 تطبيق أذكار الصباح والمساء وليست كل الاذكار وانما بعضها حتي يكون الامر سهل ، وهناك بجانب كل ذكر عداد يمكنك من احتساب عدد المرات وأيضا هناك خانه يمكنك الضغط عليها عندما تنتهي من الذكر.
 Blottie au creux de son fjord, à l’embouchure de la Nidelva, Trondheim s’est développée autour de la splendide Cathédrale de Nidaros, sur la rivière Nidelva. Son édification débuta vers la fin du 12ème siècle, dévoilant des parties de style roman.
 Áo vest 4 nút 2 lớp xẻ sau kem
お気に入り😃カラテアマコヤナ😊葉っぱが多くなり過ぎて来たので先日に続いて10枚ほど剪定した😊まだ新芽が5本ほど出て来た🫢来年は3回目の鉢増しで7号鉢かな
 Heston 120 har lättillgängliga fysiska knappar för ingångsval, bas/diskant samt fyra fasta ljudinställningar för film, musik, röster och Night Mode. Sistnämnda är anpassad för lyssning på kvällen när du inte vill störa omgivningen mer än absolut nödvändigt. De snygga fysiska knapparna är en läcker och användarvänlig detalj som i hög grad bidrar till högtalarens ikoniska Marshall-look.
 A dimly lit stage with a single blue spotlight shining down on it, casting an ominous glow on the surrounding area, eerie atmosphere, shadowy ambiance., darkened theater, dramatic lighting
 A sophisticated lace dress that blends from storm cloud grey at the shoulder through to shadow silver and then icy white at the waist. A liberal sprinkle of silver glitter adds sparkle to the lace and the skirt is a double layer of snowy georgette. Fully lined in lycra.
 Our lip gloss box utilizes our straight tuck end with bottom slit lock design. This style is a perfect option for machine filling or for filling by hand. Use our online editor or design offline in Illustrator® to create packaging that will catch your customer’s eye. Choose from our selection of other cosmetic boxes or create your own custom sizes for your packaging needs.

********************

Task prompt
The reply should consist solely of the lines of the data, exact, from the opening line through the line with "Áo vest 4 nút 2 lớp xẻ sau kem", inclusive.

Completed task
 تطبيق أذكار الصباح والمساء وليست كل الاذكار وانما بعضها حتي يكون الامر سهل ، وهناك بجانب كل ذكر عداد يمكنك من احتساب عدد المرات وأيضا هناك خانه يمكنك الضغط عليها عندما تنتهي من الذكر.
 Blottie au creux de son fjord, à l’embouchure de la Nidelva, Trondheim s’est développée autour de la splendide Cathédrale de Nidaros, sur la rivière Nidelva. Son édification débuta vers la fin du 12ème siècle, dévoilant des parties de style roman.
 Áo vest 4 nút 2 lớp xẻ sau kem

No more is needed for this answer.